A grammar specifies the allowed expressions in such a Domain Specific Language, DSL.
An algebraic DataType, ADT, is a direct representation of such a grammar.
For most end-users a structured editor with pull-down menus is much easier to use than a free text editor.
The iTask system can derive such structured editors based on an ADT using datatype generic programming.
However, the input DSL has often also semantical constraints, like proper use of types and variables.
A solution is to use a shallow embedded DSL or a DSL based on a Generalized ADT to specify the input.
However, such a specification cannot be handled by datatype generic programming.
Hence, one cannot derive structured editors for such a DSL.

As a solution we introduce structured web-editors that are based on dynamic types. These dynamic types are more expressive; they can express the required DSL constraints. In the new dynamic editor library we need to specify just the dynamic relevant for the DSL. The library takes care of displaying the applicable instances to the user and calls itself recursively to create the arguments of the dynamic functions. In this paper we show how this can be used to enforce the requires constraints on ADTs, to create structured web-editors for shallow embedded DSLS, and to create those editors for GADT based DSLs.

**Prof. Sven-Bodo Scholz** (Radboud University)**Time:** 10:30**Date:** 17.06.2020**Room:** Virtual**Title**: 50 Shades of Laziness

**Abstract**: Lazy evaluation has very appealing properties: it terminates whenever
possible and it evaluates as little as needed for the overall result. The price
for these properties is a loss of concurrency and a potentially uncontrollable need
for space. Consequently, many languages, in particular those aiming for high
parallel performance, employ eager evaluation. Attempts to combine the benefits
of the two approaches are traditionally based on argument-specific annotations,
special data types, or on strictness analyses.
In this talk, we present a new approach to combining the two. The key idea is
to leverage the binding time analyses from offline partial evaluation within
the definition of the language semantics. This allows us to keep the favourable
runtime behaviour of eager evaluation and yet acquire some of the benefits of
lazy evaluation. We present our ideas in the context of the high-performance
array programming language SaC.

**Jana Wagemaker** (Radboud University)**Time:** 10:30**Date:** 24.06.2020**Room:** Virtual**Title**: Partially Observable Concurrent Kleene Algebra

**Abstract**: In this talk I'll start with a general introduction to Kleene algebra and how it can be used to study simple programs. Hopefully, I'll be able to sketch the broader context in which to place the newest edition to the KA-family: Partially Observable Concurrent Kleene Algebra (POCKA), a sound and complete algebraic framework to reason about concurrent programs with control structures, such as conditionals and loops.
POCKA enables reasoning about programs that can access variables and values, which I illustrate with a concrete example. The example revolves around an important check for sequential consistency.

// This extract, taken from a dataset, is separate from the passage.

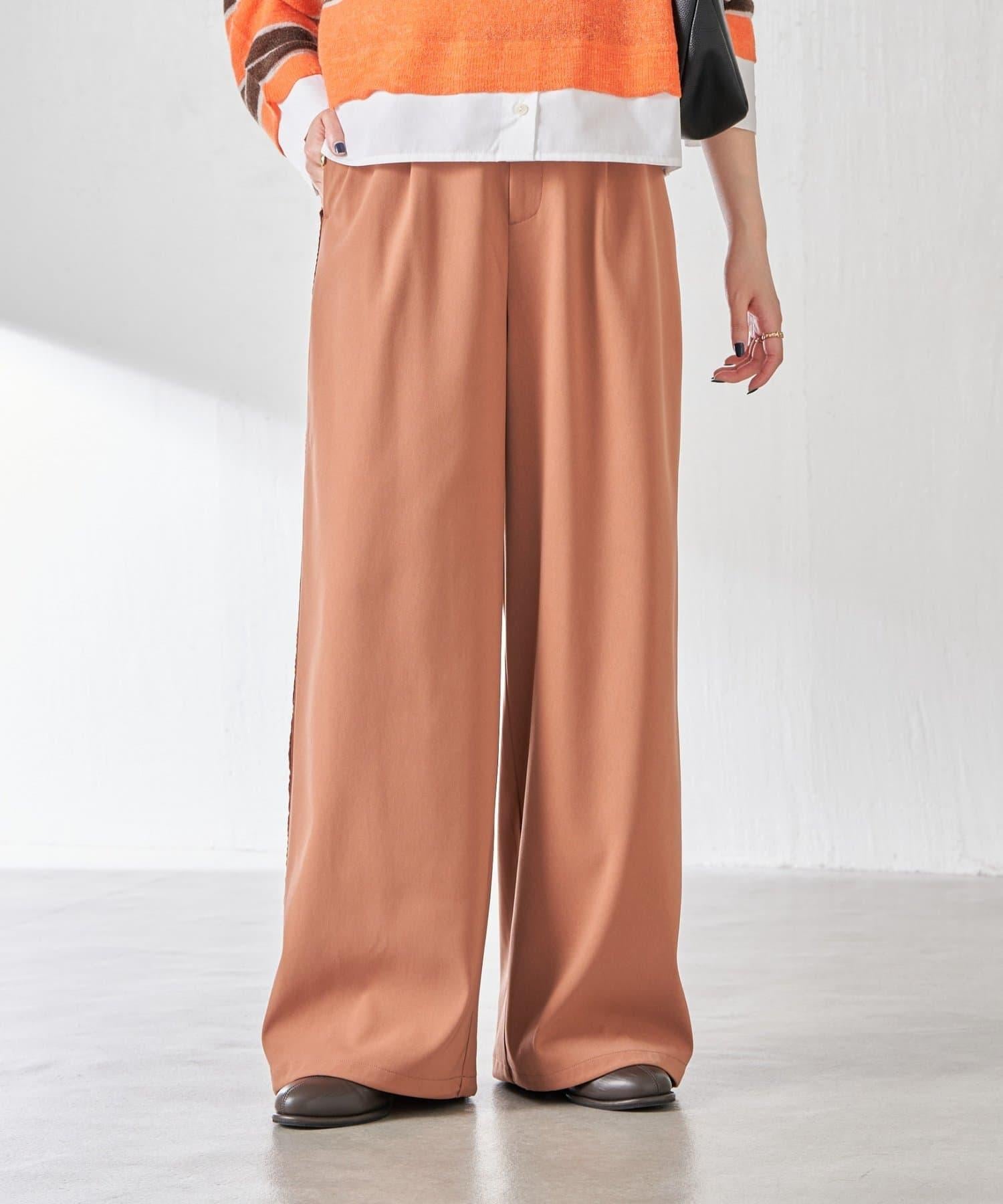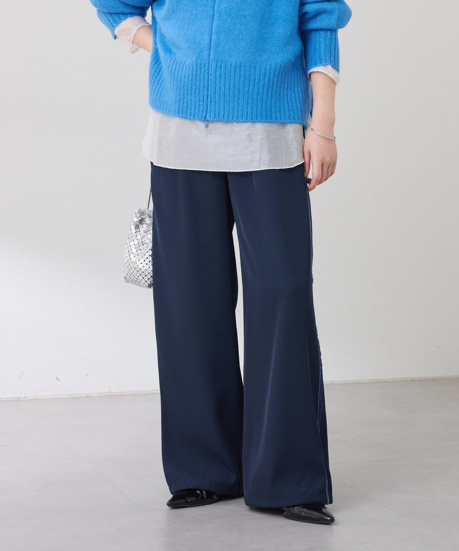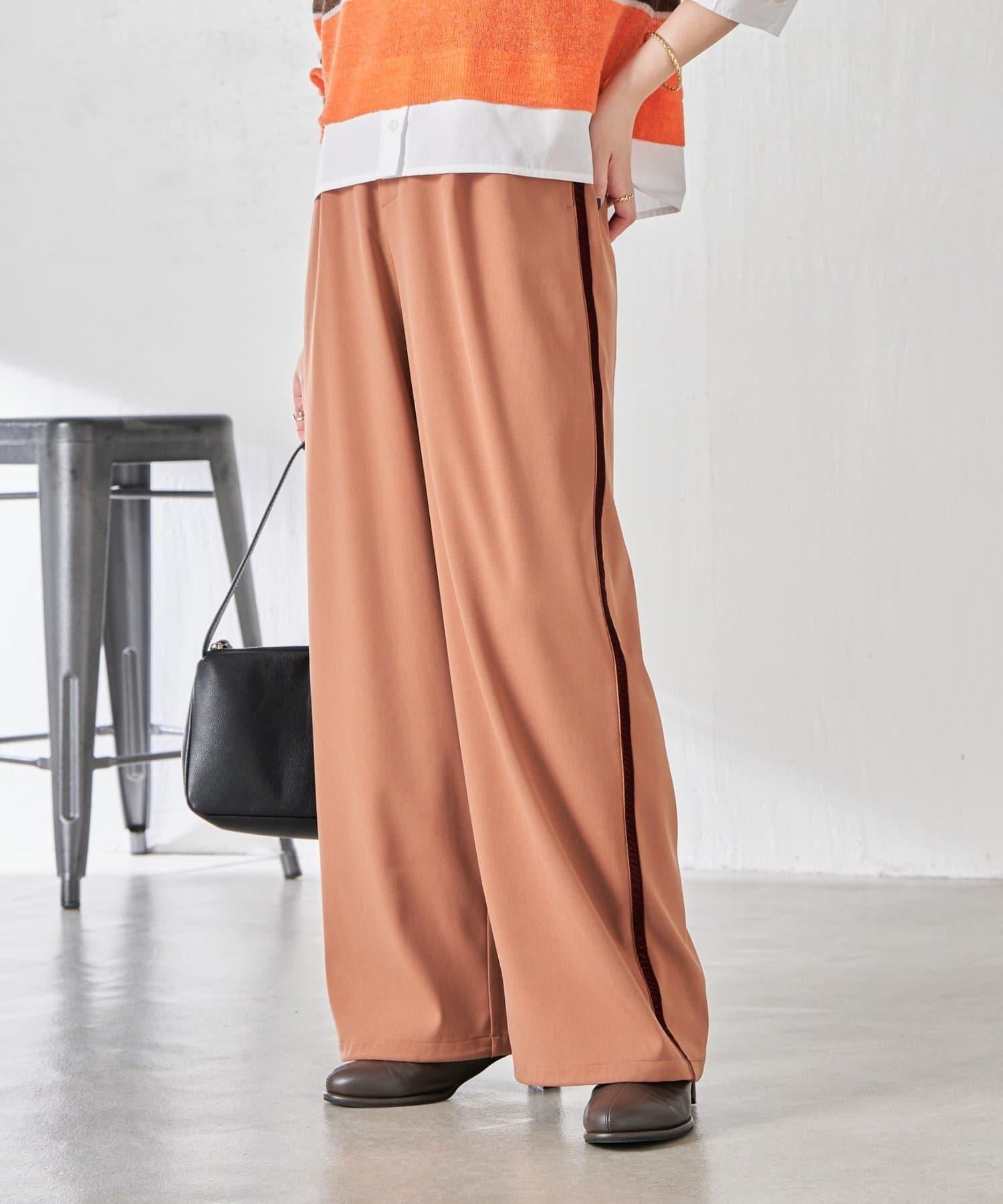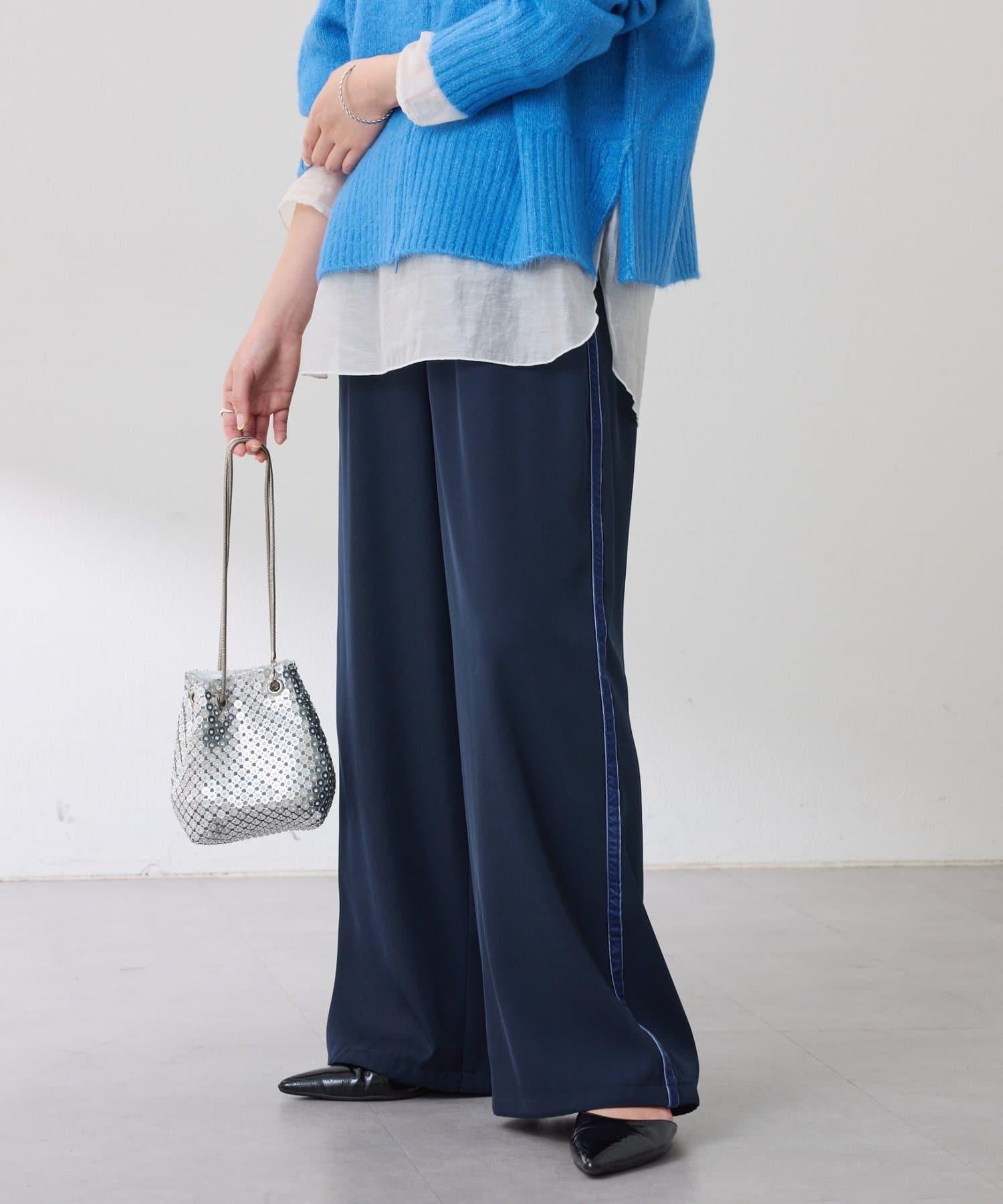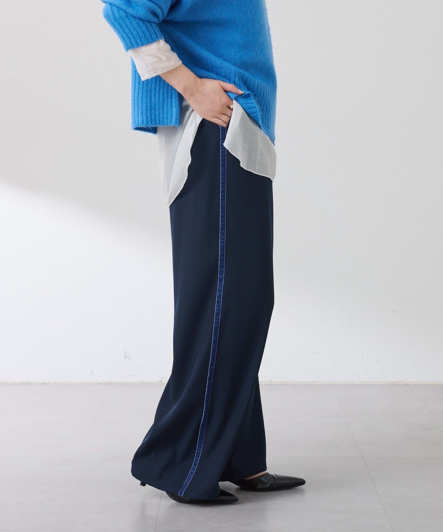 側邊的絲絨膠帶具有拉長腿部線條的效果。
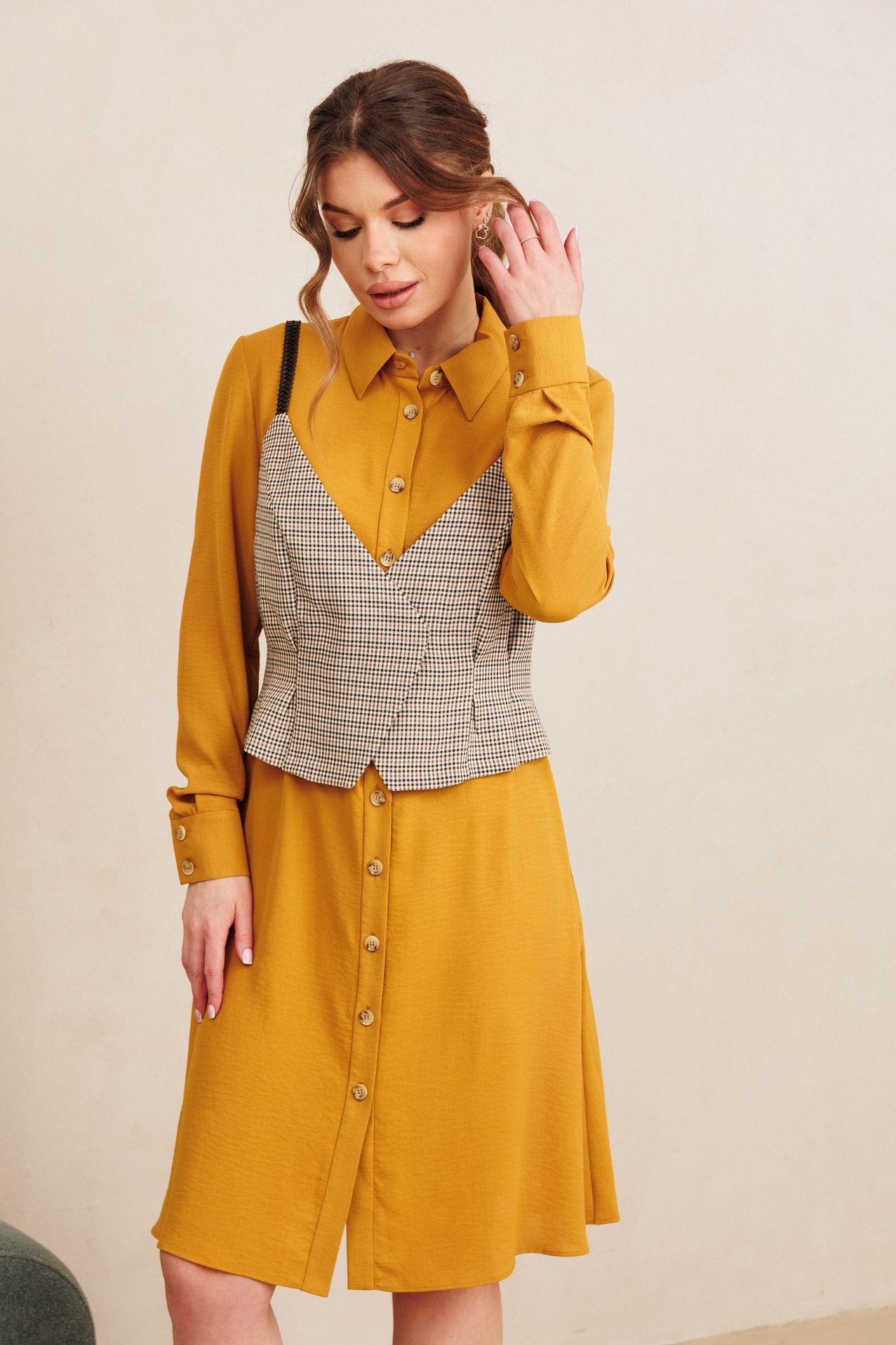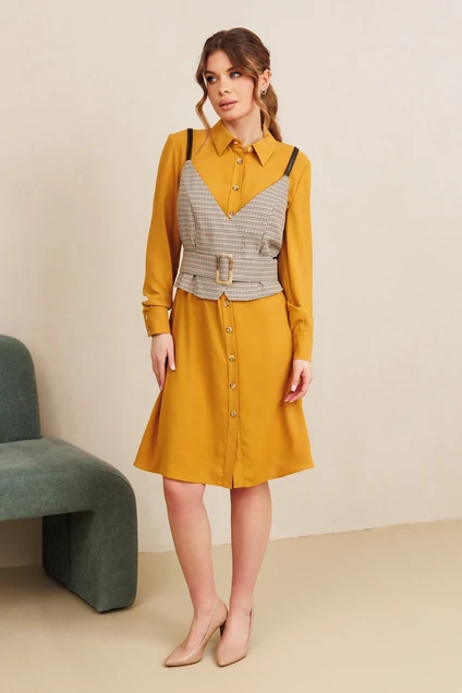 Костюм с платьем 7100 горчица + клетка Amori

**Markus Klinik** (Radboud University)**Time:** 10:30**Date:** 01.07.2020**Room:** Virtual**Title**: no-bs: how to grade student assignments on Brightspace without using Brightspace

**Abstract**: The course Object Orientation has more than 400 students, who work in teams of
two to hand in one assignment project every week.

In this talk we discuss the workflow and the tool no-bs that we have developed to streamline grading student assignments. no-bs is a command-line program that can interface with the Brightspace web API. It downloads submissions from Brightspace to your computer. You fill in a feedback template text file, and no-bs uploads grades and feedback to Brightspace.

The workflow we use has 17 teaching assistants and one coordinator, and is built around no-bs, the old bb-scripts, and exchanging data on a network share. Only the coordinator has to touch Brightspace, the teaching assistants just have to fill in the feedback template using their favourite text editor. no-bs has been developed to scratch our own itch, but it can be adapted to other workflows as well.

**Dan Frumin** (Radboud University)**Time:** 10:30**Date:** 08.07.2020**Room:** Virtual**Title**: Relational reasoning in Concurrent Separation Logic

**Abstract**: Relational reasoning plays an important role in programming
languages, as many important properties of programs are relational.
For example, contextual equivalence is used to show that optimized
versions of data structures behave the same as their non-optimized
counterparts and that concurrent data structures are linearizable.
Non-interference is used to show that a program does not leak secret
information.

In this talk I will describe recent developments in concurrent separation logic (specifically the Iris framework in the Coq proof assistant), that enable modular and mechanized relational reasoning in the context of higher-order programming languages with fine-grained concurrency.

**Dr. Joshua Moerman** (RWTH Aachen University)**Time:** 10:30**Date:** 15.07.2020**Room:** Virtual**Title**: Residuality and Learning for Nondeterministic Register Automata

**Abstract**: In this research we consider the problem of inferring a register automaton
from observations. This has been done before for deterministic RA, but is
still open for nondeterministic RA. To see why nondeterminism is interesting,
consider the well-known learning algorithms L* and NL* for respectively
deterministic and nondeterministic automata. Although the representation is
different, they operate on the same class of languages (i.e., regular
languages). This is not the case for RA, where nondeterminism gives a strictly
bigger class of languages than determinism. So not only does the
representation changes, so does the class of languages.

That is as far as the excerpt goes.